In the entries below, which lines run from the one with "Quickstixing together at" through the one with "Image: Control panel"? Repeat exactly those, both included, and no pictures.

### Data in this exercise
________

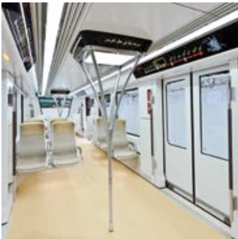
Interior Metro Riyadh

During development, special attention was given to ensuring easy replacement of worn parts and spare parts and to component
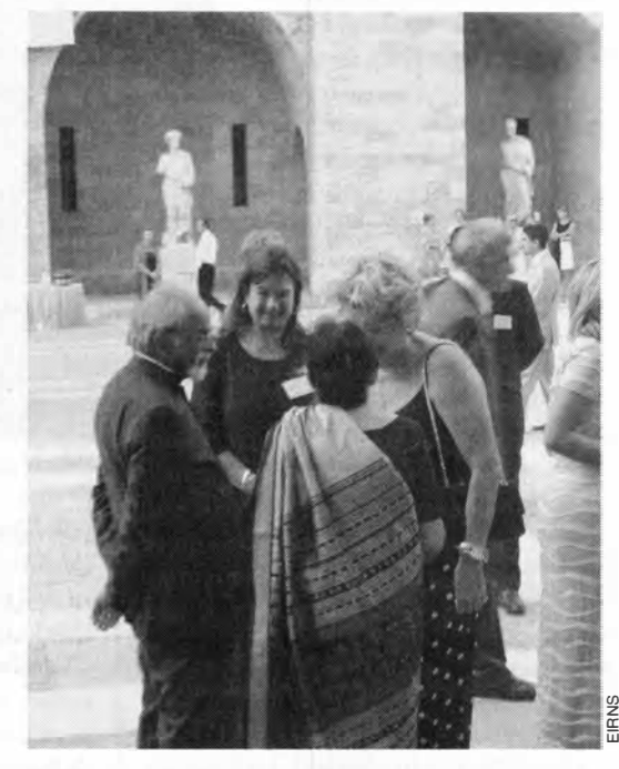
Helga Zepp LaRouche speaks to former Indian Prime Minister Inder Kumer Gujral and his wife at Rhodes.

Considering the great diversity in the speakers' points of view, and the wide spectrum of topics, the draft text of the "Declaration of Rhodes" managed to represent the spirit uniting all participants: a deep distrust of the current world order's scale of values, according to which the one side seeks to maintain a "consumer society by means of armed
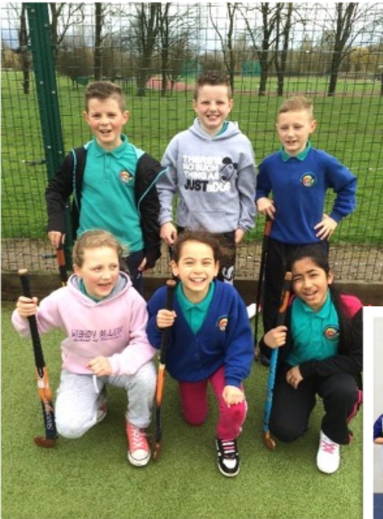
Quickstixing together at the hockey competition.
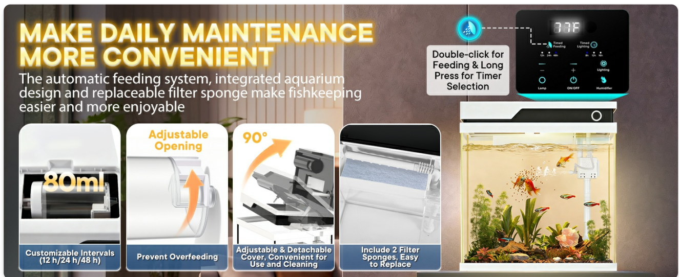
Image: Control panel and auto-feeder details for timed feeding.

________

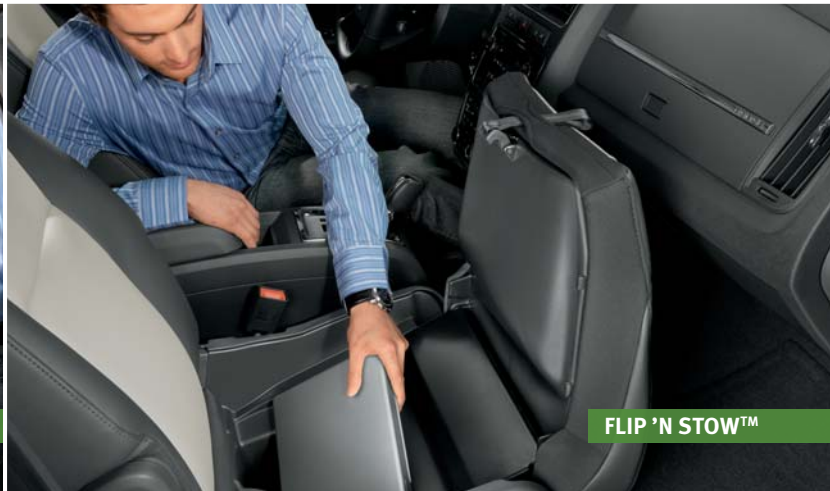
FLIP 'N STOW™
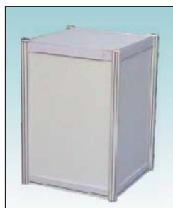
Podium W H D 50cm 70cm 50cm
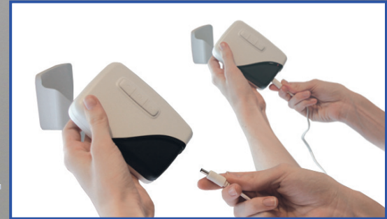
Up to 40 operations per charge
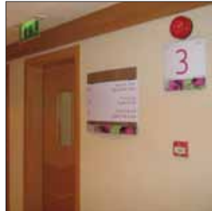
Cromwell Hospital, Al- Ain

________

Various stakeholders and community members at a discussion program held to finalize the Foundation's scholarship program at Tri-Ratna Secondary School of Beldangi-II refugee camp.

________

### Task result
Quickstixing together at the hockey competition.
Image: Control panel and auto-feeder details for timed feeding.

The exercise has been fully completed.